------ Exercise material
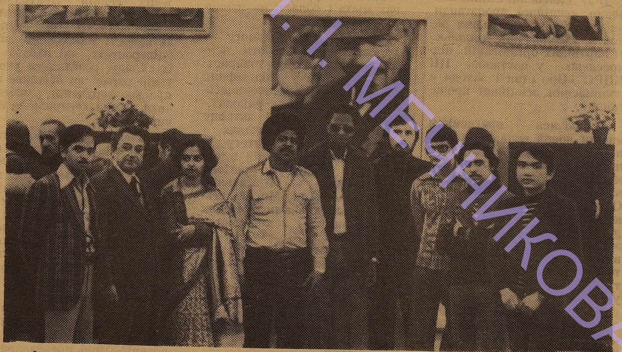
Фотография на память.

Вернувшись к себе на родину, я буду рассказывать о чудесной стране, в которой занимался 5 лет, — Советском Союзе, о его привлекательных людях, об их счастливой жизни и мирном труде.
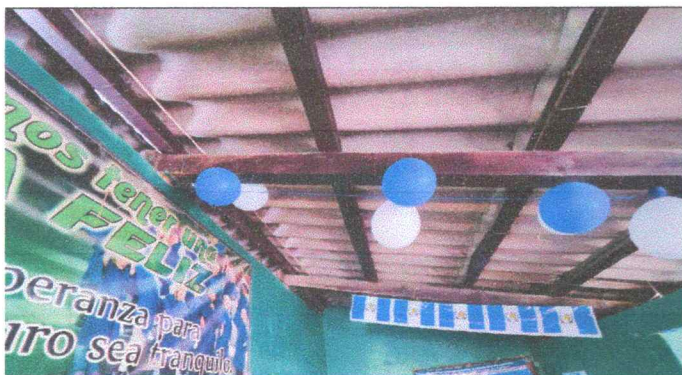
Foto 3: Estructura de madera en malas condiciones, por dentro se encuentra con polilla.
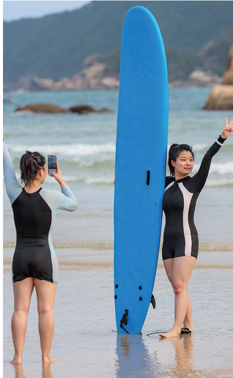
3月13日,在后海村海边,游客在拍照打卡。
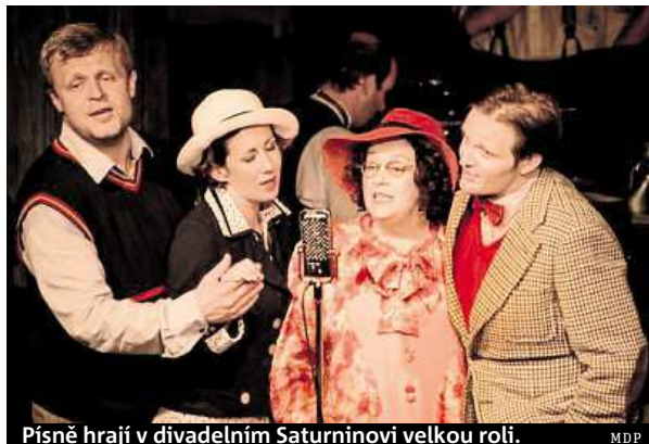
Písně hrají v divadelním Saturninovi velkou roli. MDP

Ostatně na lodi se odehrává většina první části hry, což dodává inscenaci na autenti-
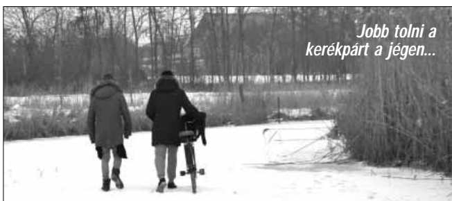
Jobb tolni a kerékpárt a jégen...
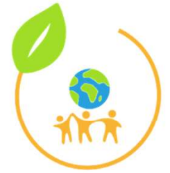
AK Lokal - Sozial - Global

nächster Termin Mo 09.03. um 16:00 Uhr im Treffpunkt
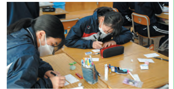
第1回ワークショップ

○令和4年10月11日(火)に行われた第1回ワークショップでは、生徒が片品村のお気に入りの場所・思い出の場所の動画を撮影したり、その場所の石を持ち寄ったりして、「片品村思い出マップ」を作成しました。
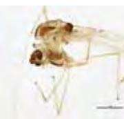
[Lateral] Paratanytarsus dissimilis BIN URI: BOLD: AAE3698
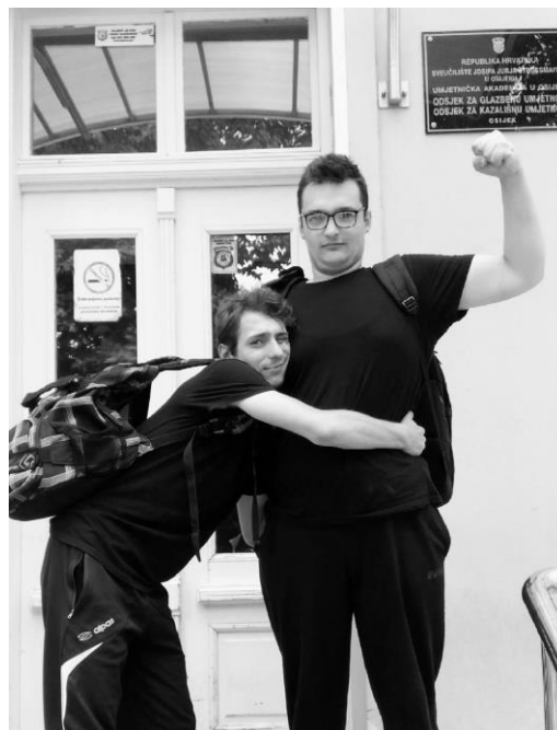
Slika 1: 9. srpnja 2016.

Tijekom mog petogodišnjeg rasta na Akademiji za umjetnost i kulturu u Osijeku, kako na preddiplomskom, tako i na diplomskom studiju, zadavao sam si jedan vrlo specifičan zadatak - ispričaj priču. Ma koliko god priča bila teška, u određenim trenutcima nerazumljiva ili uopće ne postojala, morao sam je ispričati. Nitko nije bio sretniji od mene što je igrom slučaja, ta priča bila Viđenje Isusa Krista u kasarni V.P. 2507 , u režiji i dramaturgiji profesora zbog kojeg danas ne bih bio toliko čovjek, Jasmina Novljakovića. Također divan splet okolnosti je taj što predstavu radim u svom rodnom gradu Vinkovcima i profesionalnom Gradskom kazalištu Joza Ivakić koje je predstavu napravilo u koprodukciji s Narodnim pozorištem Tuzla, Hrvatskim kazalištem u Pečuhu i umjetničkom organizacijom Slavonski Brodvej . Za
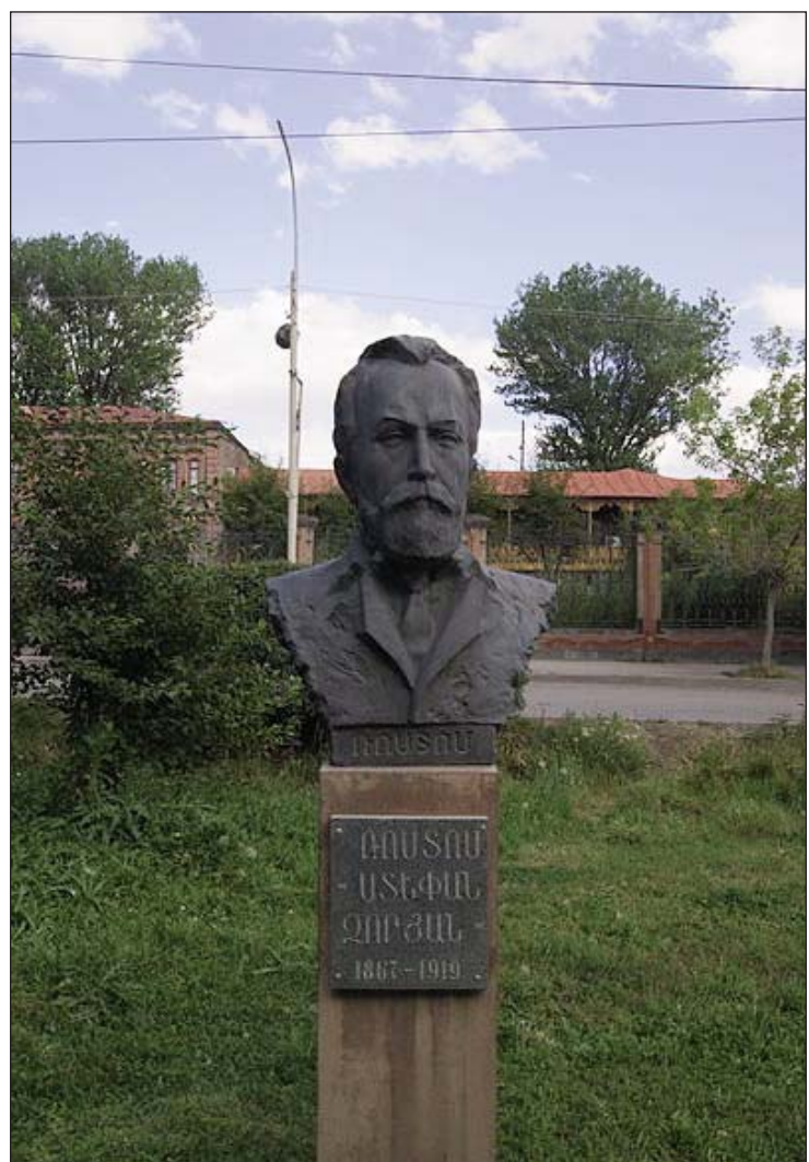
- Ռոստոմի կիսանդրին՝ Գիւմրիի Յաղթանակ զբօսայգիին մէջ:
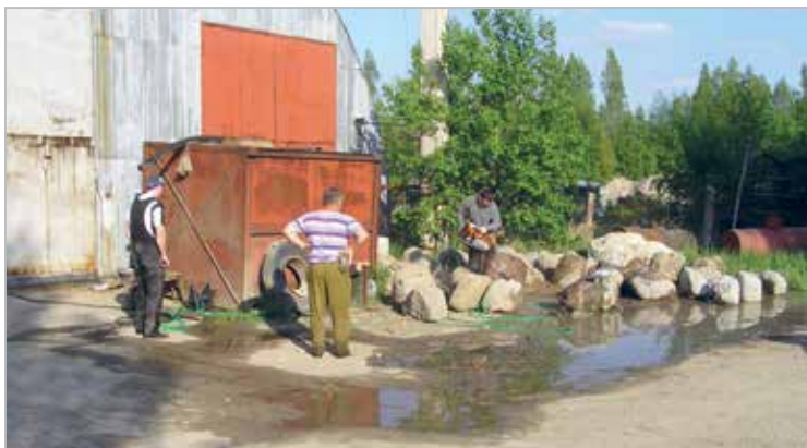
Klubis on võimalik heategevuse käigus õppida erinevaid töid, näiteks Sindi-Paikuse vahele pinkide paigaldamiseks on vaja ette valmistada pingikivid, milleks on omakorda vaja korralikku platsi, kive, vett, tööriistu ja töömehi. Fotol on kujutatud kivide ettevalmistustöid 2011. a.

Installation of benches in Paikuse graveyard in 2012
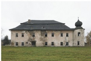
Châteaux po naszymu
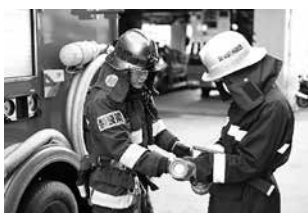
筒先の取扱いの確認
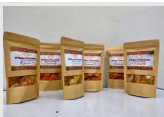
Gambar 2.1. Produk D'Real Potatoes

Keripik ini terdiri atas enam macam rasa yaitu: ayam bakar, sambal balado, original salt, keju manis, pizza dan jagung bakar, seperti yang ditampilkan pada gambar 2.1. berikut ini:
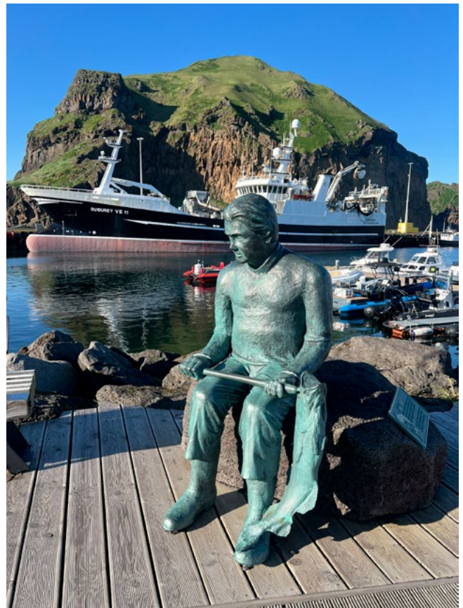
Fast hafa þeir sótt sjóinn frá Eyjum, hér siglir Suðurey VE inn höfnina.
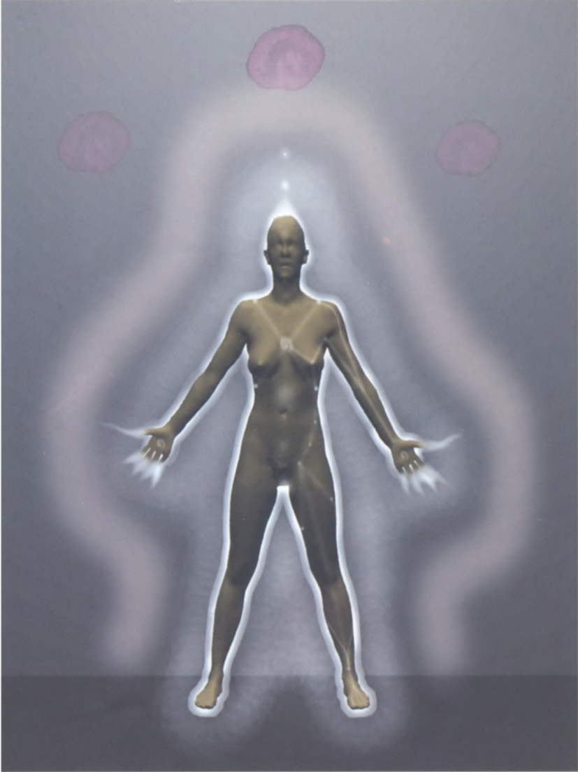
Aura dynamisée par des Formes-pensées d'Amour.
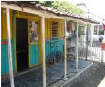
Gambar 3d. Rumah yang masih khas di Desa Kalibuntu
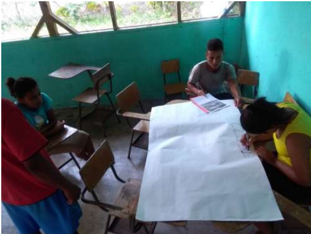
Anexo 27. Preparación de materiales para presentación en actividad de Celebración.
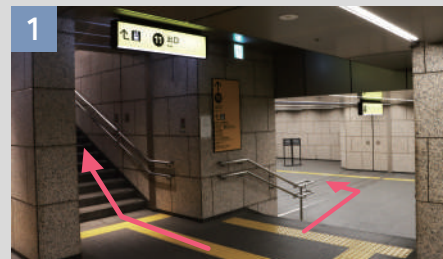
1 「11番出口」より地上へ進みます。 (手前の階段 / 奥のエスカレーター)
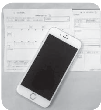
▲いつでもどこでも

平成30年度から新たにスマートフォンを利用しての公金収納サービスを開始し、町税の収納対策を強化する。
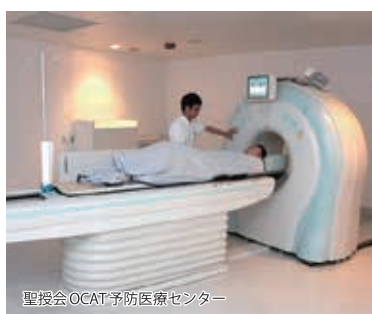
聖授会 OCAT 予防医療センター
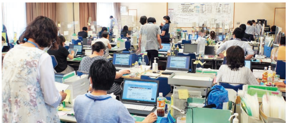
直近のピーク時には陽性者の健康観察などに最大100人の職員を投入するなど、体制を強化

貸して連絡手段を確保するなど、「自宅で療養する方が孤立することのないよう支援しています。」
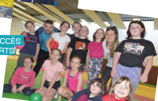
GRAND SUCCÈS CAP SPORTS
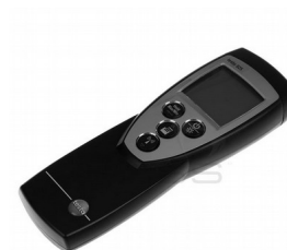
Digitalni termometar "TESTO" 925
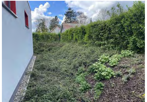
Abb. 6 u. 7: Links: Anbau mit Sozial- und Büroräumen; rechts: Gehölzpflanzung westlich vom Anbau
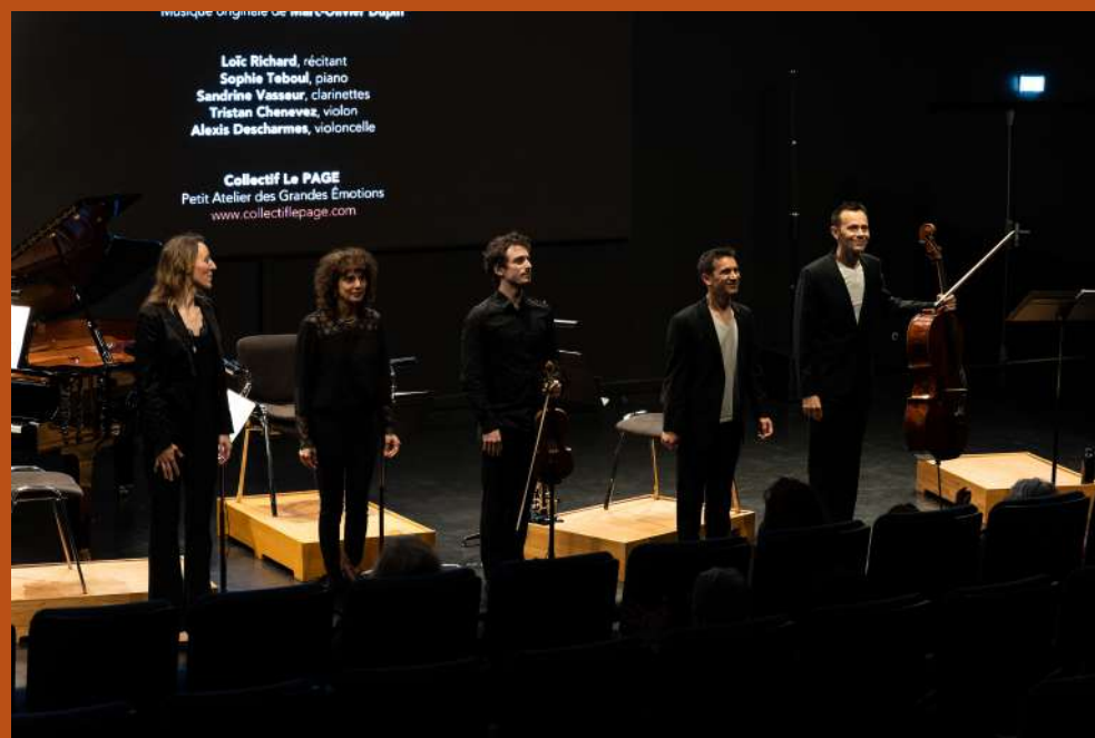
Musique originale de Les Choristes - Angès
------------
**What to do:** Repeat every entry exactly. Do not include the pictures.

**Expected answer:**
Фотография на память.

Вернувшись к себе на родину, я буду рассказывать о чудесной стране, в которой занимался 5 лет, — Советском Союзе, о его привлекательных людях, об их счастливой жизни и мирном труде.
Foto 3: Estructura de madera en malas condiciones, por dentro se encuentra con polilla.
3月13日,在后海村海边,游客在拍照打卡。
Písně hrají v divadelním Saturninovi velkou roli. MDP

Ostatně na lodi se odehrává většina první části hry, což dodává inscenaci na autenti-
Jobb tolni a kerékpárt a jégen...
AK Lokal - Sozial - Global

nächster Termin Mo 09.03. um 16:00 Uhr im Treffpunkt
第1回ワークショップ

○令和4年10月11日(火)に行われた第1回ワークショップでは、生徒が片品村のお気に入りの場所・思い出の場所の動画を撮影したり、その場所の石を持ち寄ったりして、「片品村思い出マップ」を作成しました。
[Lateral] Paratanytarsus dissimilis BIN URI: BOLD: AAE3698
Slika 1: 9. srpnja 2016.

Tijekom mog petogodišnjeg rasta na Akademiji za umjetnost i kulturu u Osijeku, kako na preddiplomskom, tako i na diplomskom studiju, zadavao sam si jedan vrlo specifičan zadatak - ispričaj priču. Ma koliko god priča bila teška, u određenim trenutcima nerazumljiva ili uopće ne postojala, morao sam je ispričati. Nitko nije bio sretniji od mene što je igrom slučaja, ta priča bila Viđenje Isusa Krista u kasarni V.P. 2507 , u režiji i dramaturgiji profesora zbog kojeg danas ne bih bio toliko čovjek, Jasmina Novljakovića. Također divan splet okolnosti je taj što predstavu radim u svom rodnom gradu Vinkovcima i profesionalnom Gradskom kazalištu Joza Ivakić koje je predstavu napravilo u koprodukciji s Narodnim pozorištem Tuzla, Hrvatskim kazalištem u Pečuhu i umjetničkom organizacijom Slavonski Brodvej . Za
- Ռոստոմի կիսանդրին՝ Գիւմրիի Յաղթանակ զբօսայգիին մէջ:
Klubis on võimalik heategevuse käigus õppida erinevaid töid, näiteks Sindi-Paikuse vahele pinkide paigaldamiseks on vaja ette valmistada pingikivid, milleks on omakorda vaja korralikku platsi, kive, vett, tööriistu ja töömehi. Fotol on kujutatud kivide ettevalmistustöid 2011. a.

Installation of benches in Paikuse graveyard in 2012
Châteaux po naszymu
筒先の取扱いの確認
Gambar 2.1. Produk D'Real Potatoes

Keripik ini terdiri atas enam macam rasa yaitu: ayam bakar, sambal balado, original salt, keju manis, pizza dan jagung bakar, seperti yang ditampilkan pada gambar 2.1. berikut ini:
Fast hafa þeir sótt sjóinn frá Eyjum, hér siglir Suðurey VE inn höfnina.
Aura dynamisée par des Formes-pensées d'Amour.
Gambar 3d. Rumah yang masih khas di Desa Kalibuntu
Anexo 27. Preparación de materiales para presentación en actividad de Celebración.
1 「11番出口」より地上へ進みます。 (手前の階段 / 奥のエスカレーター)
▲いつでもどこでも

平成30年度から新たにスマートフォンを利用しての公金収納サービスを開始し、町税の収納対策を強化する。
聖授会 OCAT 予防医療センター
直近のピーク時には陽性者の健康観察などに最大100人の職員を投入するなど、体制を強化

貸して連絡手段を確保するなど、「自宅で療養する方が孤立することのないよう支援しています。」
GRAND SUCCÈS CAP SPORTS
Digitalni termometar "TESTO" 925
Abb. 6 u. 7: Links: Anbau mit Sozial- und Büroräumen; rechts: Gehölzpflanzung westlich vom Anbau
Musique originale de Les Choristes - Angès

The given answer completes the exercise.